Copernic est le premier à avoir proposé un modèle dans lequel le Soleil était fixe au centre de
l'Univers, les planètes décrivant une trajectoire qu'il pensait circulaire. Il conçut sa doctrine
dès 1510 et l'exposa dans le De revolutionibus en 1543. Cette doctrine resta pendant longtemps
confinée à un cercle restreint de spécialistes comme le philosophe Giordano Bruno. Elle
provoqua néanmoins des réactions de la part des savants et des théologiens. La plupart des
astronomes restèrent fidèles au géocentrisme et la quasi-totalité des théologiens prirent position
contre la théorie héliocentrique de Copernic. Parmi les théologiens réformés, on peut
citer Melanchthon, et parmi les théologiens catholiques, Bartolomeo Spina, son collaborateur
le dominicain Giovanni Maria Tolosani, et le théologien jésuite Nicolaus Serarius. Les
astronomes de leur côté avaient développé une doctrine intermédiaire entre le modèle
géocentrique et le modèle héliocentrique (voir équivalence des hypothèses).

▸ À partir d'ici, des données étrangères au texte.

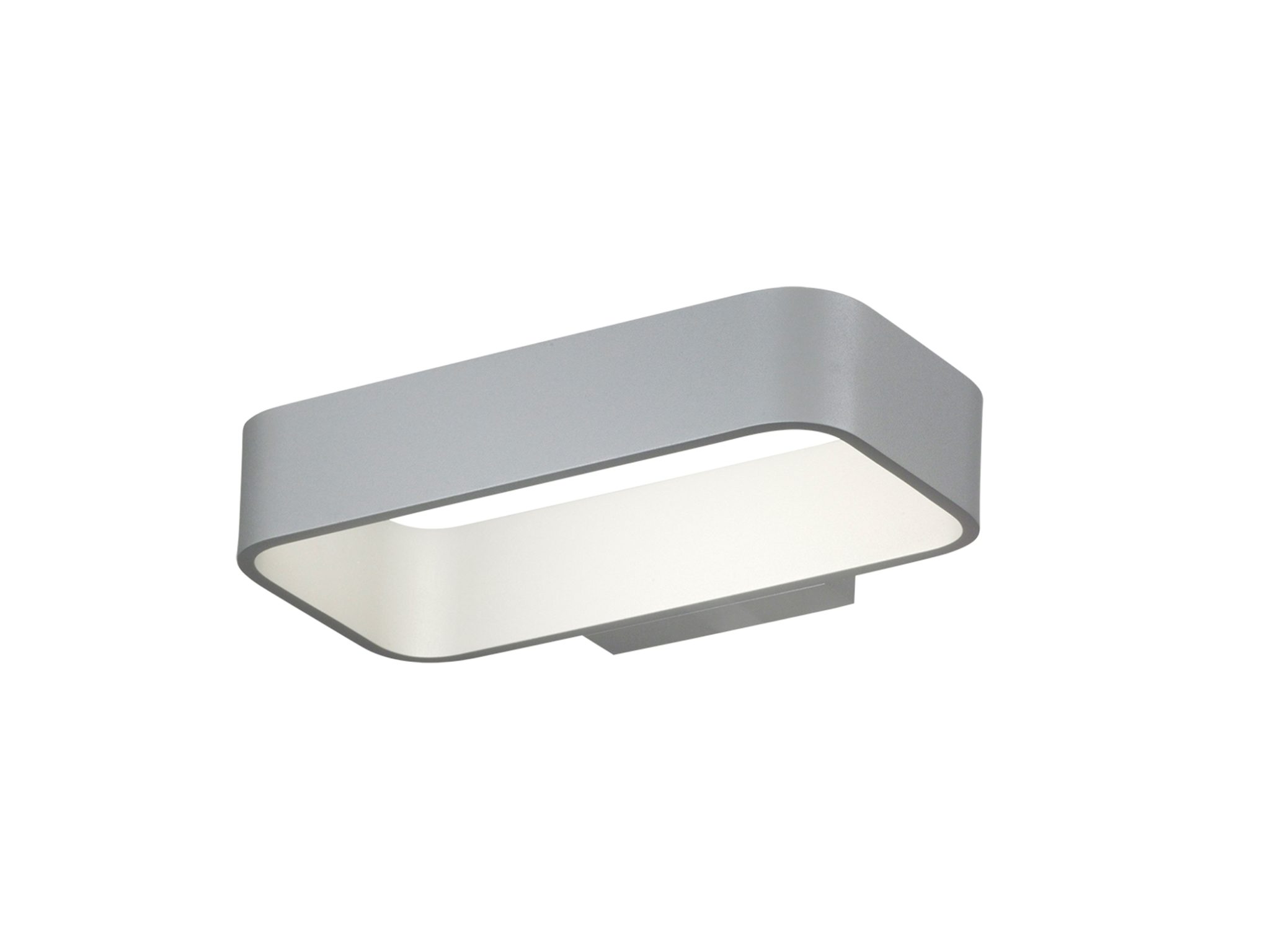 Lampada da parete e da tavolo a LED (3000K) realizzata in pressofusione di alluminio verniciato bianco o grigio. Alimentatore integrato. Versione da tavolo con accensione (on/off) touch
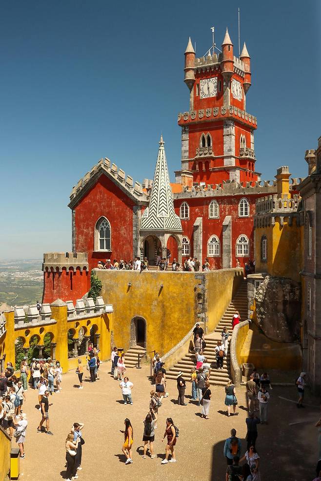 페나 궁전(Palácio da Pena)은 입장료 약 14유로, 전망대에서 바라보는 산맥과 대서양은 감탄이 저절로 나올 만큼 압도적이에요.
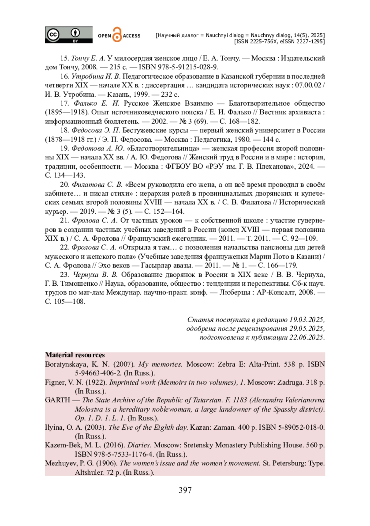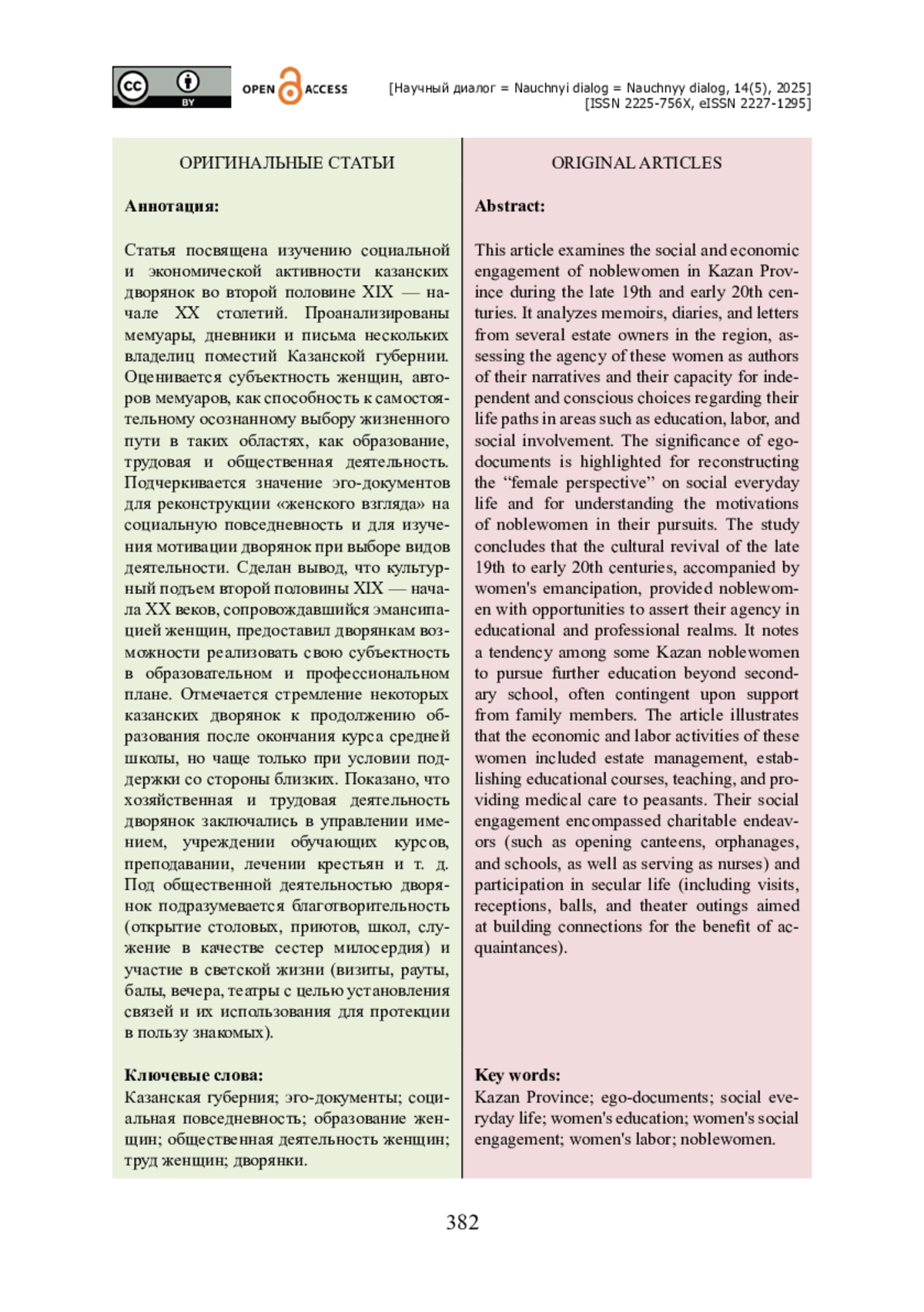 МИРОНОВА Е. В. СОЦИАЛЬНО-ЭКОНОМИЧЕСКАЯ ДЕЯТЕЛЬНОСТЬ ДВОРЯНОК КАЗАНСКОЙ ГУБЕРНИИ ВО ВТОРОЙ ПОЛОВИНЕ XIX — НАЧАЛЕ XX ВЕКОВ // НАУЧНЫЙ ДИАЛОГ. 2025. ТОМ 14, № 5
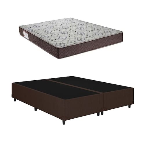 Cama Base Queen Bipartido Corino Marrom + Colcão Iso 150 D45 158x198x18 - Ortobom
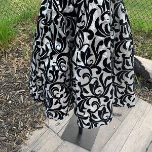 This vintage 90s strapless fit & flare dress in a silver metallic floral graphic black velvet print fabric with a sweetheart neckline and zip closure is perfect for various occasions such as prom, homecoming, travel, weddings, parties, casual outings, formal events, and workwear. The dress features a backless design, empire waist, upper side boning, and a sleeveless style with a goth dark fairy character theme. With a silver glitter accents and a floral pattern, this lightweight and lined dress is sure to make a statement, whether for Christmas, a princess-themed event, or a punk-inspired gathering. Made in the United States by the brand LA Glo, this dress is a unique blend of retro, 80s, and 90s styles.
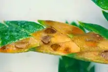 | Didymascella thujina on western red cedar leaflets. Yellow leaflets are infected by the fungus, whereas green leaflets are uninfected. Apothecia are reddish brown to dark brown in colour. The mature apothecia have a loosened host epidermal layer and the immature apothecia have not yet broken through the host epidermal layer. | |
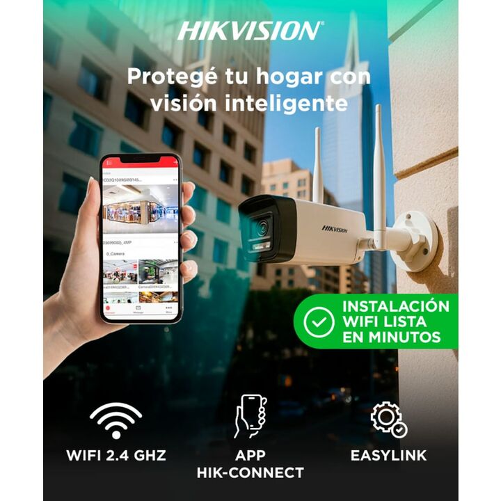 Seguridad avanzada y fácil de instalar El Kit Hikvision EasyLink DS-J142I(STD)/NKS422W0H combina tecnología de videovigilancia profesional con una instalación sencilla y totalmente inalámbrica. Consta de dos cámaras Bullet de 2 MP y un grabador NVS WiFi, ideales para hogares, oficinas o negocios que...
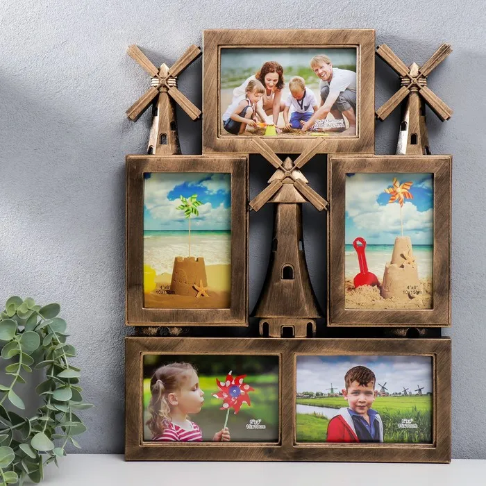Фоторамка-коллаж на 5 фото 10×15 см «Мельницы», т. Золото, 45×34 см — Характеристики
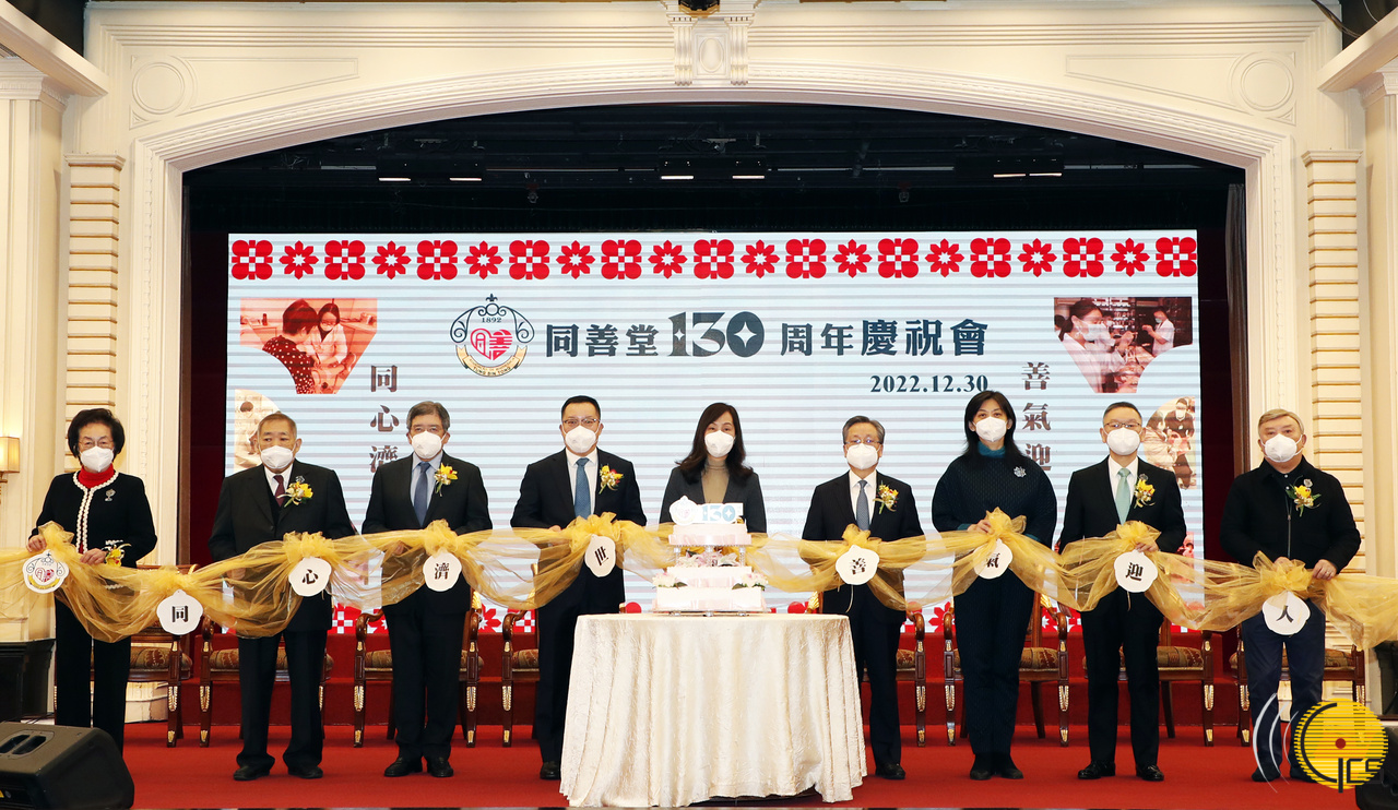 • The Secretary for Social Affairs and Culture, Ms Ao Ieong U, presides over the cake-cutting ceremony at the reception to celebrate the 130th anniversary of the Tung Sin Tong Charitable Society.
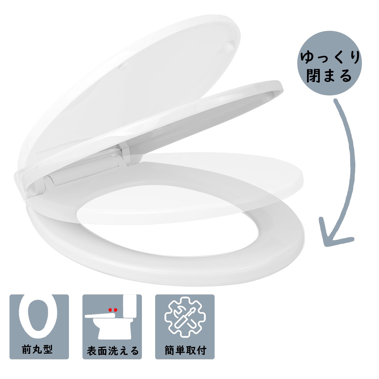 便座 交換用 ゆっくり閉まる 静音設計 普通便座 前丸型 ソフト閉止 簡単取付 洗えるPP素材 消臭 抗菌 マンション 戸建て対応 耐久性 丸形用
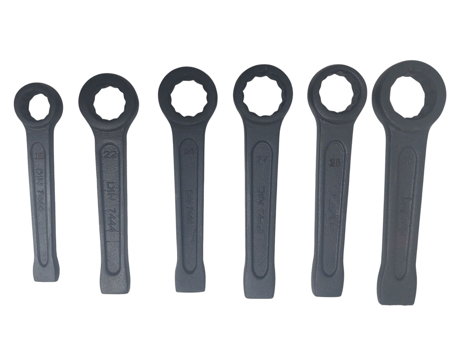 Klucze przystosowane do pobijania młotkiem dzięki temu idealnie sprawdzą się przy odkręcaniu śrub zapieczonych i mocno dokręconych.
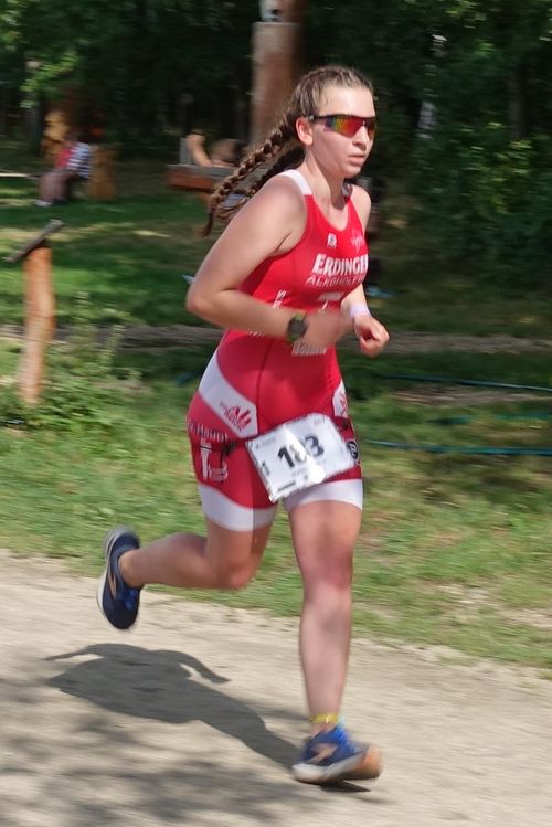 Dann sind wir Einchecken gegangen, bereiteten unsere Plätze vor und zogen die Einteiler an. Nach einem kurzen Lauf-ABC gings schon zum Start. Da alle Kinderaltersklassen zusammen starteten, war der Start ziemlich durcheinander. Aus dem hüfttiefen Wasser ging es los.
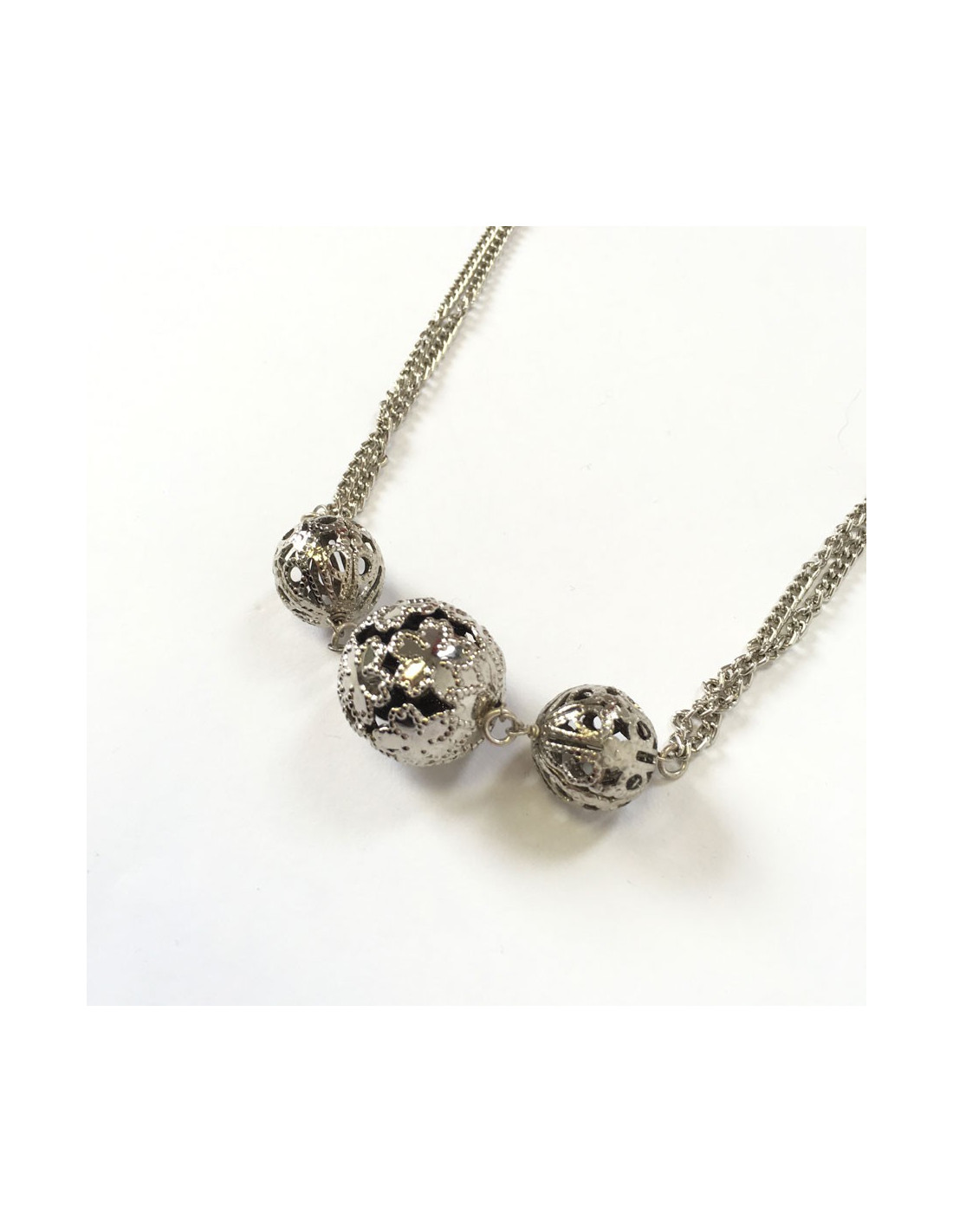 Sautoir MARGUERITE DE VALOIS « Sphère » en métal argenté
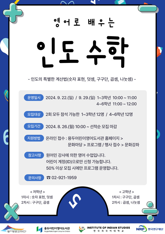 한국외국어대학교 인도연구소 원어민 교수가 진행하는 이번 강좌는 덧셈, 곱셈, 나눗셈 등 기초 연산을 인도의 특별한 계산법인 ‘베다 수학’과 영어로 학습해 볼 수 있는 기회다.
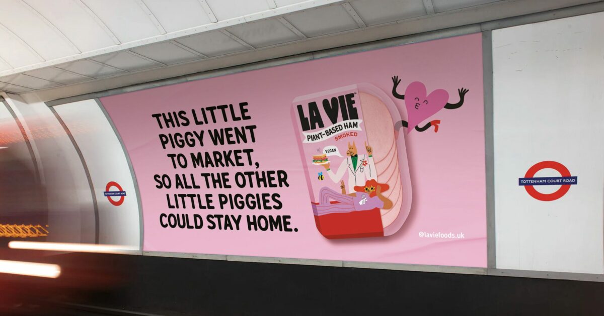 French plant-based food brand La Vie is turning London’s streets pink with a vibrant out-of-home campaign that celebrates its meatless ham alternative.
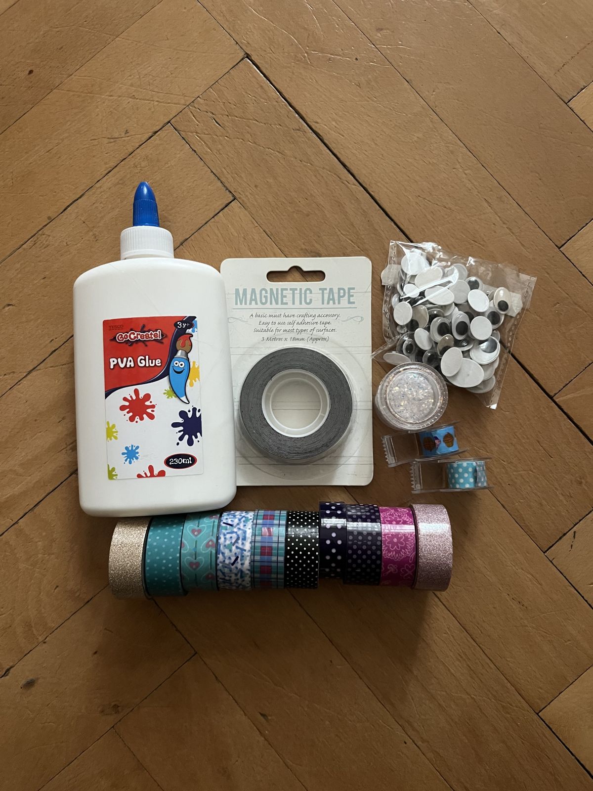 Daruji za odvoz věci na tvoření - otevřené, ale stále funkční lepidlo, neotevřenou magnetickou pásku, nalepovací očíčka a různé druhy washi pásek a lepenek
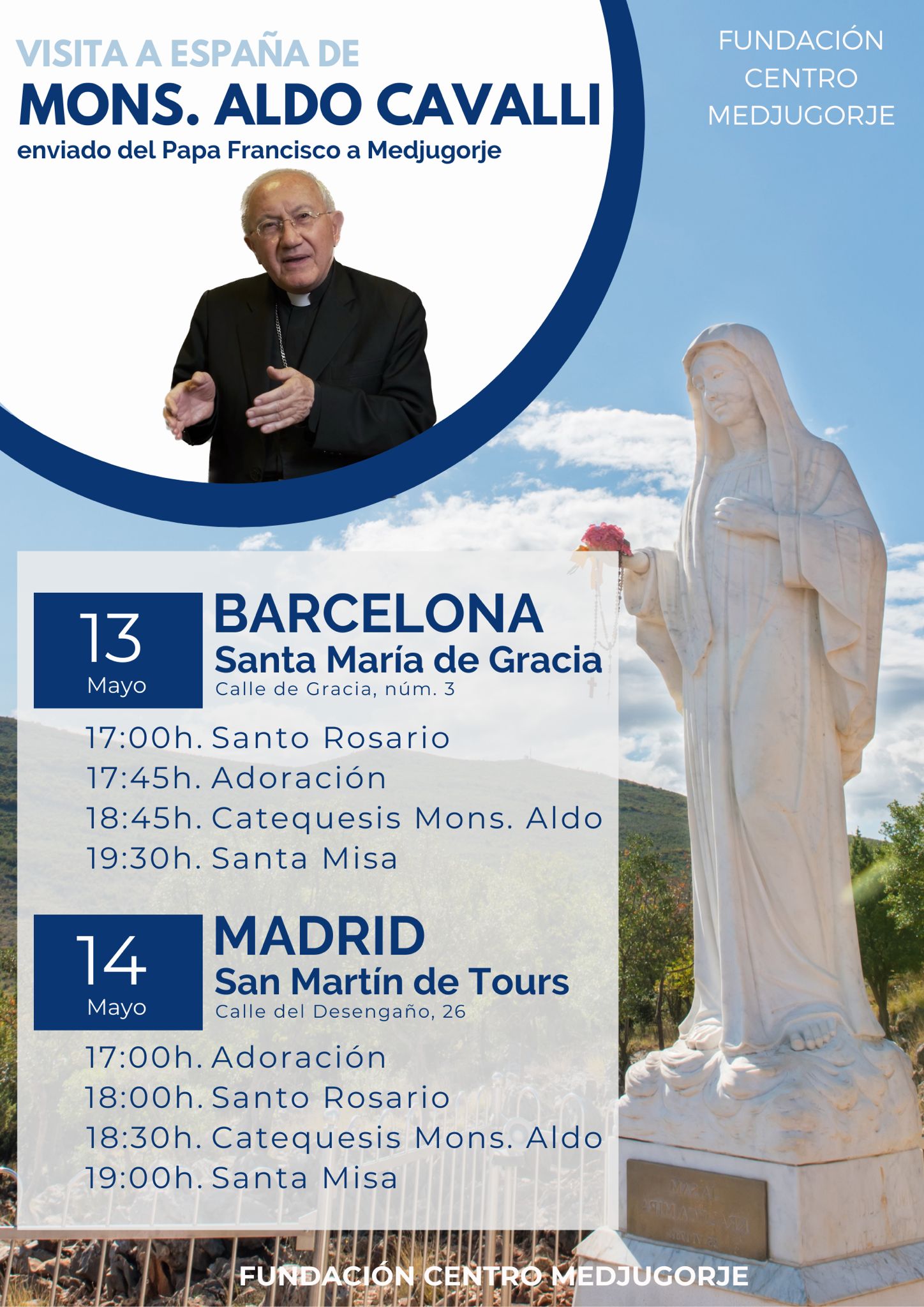 El Enviado del Papa Francisco en Medjugorje, el italiano Mons. Aldo Cavalli, visitará España entre los días 12 al 14 de mayo, atendiendo a la invitación personal que el presidente de la Conferencia Episcopal Española, y cardenal de Barcelona, Mons. Juan José Omella, le hizo durante el pasado mes de agosto con motivo de la celebración anual del Festival de la Juventud.
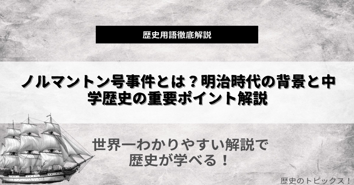 明治時代に起きたノルマントン号事件は、日本の近代化と深く関わる歴史的な出来事です。イギリス船の沈没事故をきっかけに、日本国内で不平等条約の見直しを求める声が一気に高まりました。この記事では、ノルマントン号事件の詳細や背景、さらにその後の条約改正に至るまでの流れを、中学歴史の学習内容を踏まえてわかりやすく解説します。事件のポイントや試験によく出る問題も紹介するので、しっかり理解しておきましょう!

Galilée et l'interdiction des écrits coperniciens (1610-1633)
Galilée commença dès 1610 à faire la propagande de la théorie copernicienne à Florence et à
Rome. Il rencontra des résistances de la part des philosophes et des théologiens. Bien que
convaincu de la justesse de la théorie copernicienne et s'appuyant sur les observations qu'il
effectuait grâce à sa lunette, il ne parviendra pas à apporter la preuve décisive que la terre tourne
sur elle-même et autour du Soleil (système héliocentrique).
Galilée de son côté était bien conscient des difficultés que posait le système de Copernic par
rapport à certaines interprétations des passages cosmologiques de la Bible (livre de Josué,
Psaumes). Dans sa lettre à Christine de Lorraine (1615), qu'il rendit publique, il revendiquait
une autonomie de la science : « l'intention du Saint-Esprit est de nous enseigner comment on
doit aller au ciel, et non comment va le ciel ».
En 1616, les écrits coperniciens furent mis à l'Index pour être corrigés et révisés, et les ouvrages
favorables à l'héliocentrisme furent interdits, sans qu'il fût interdit de débattre de
l'héliocentrisme dans une hypothèse purement mathématiques. Toutefois, on ne considérait pas
les idées héliocentriques comme hérétiques, mais simplement comme téméraire.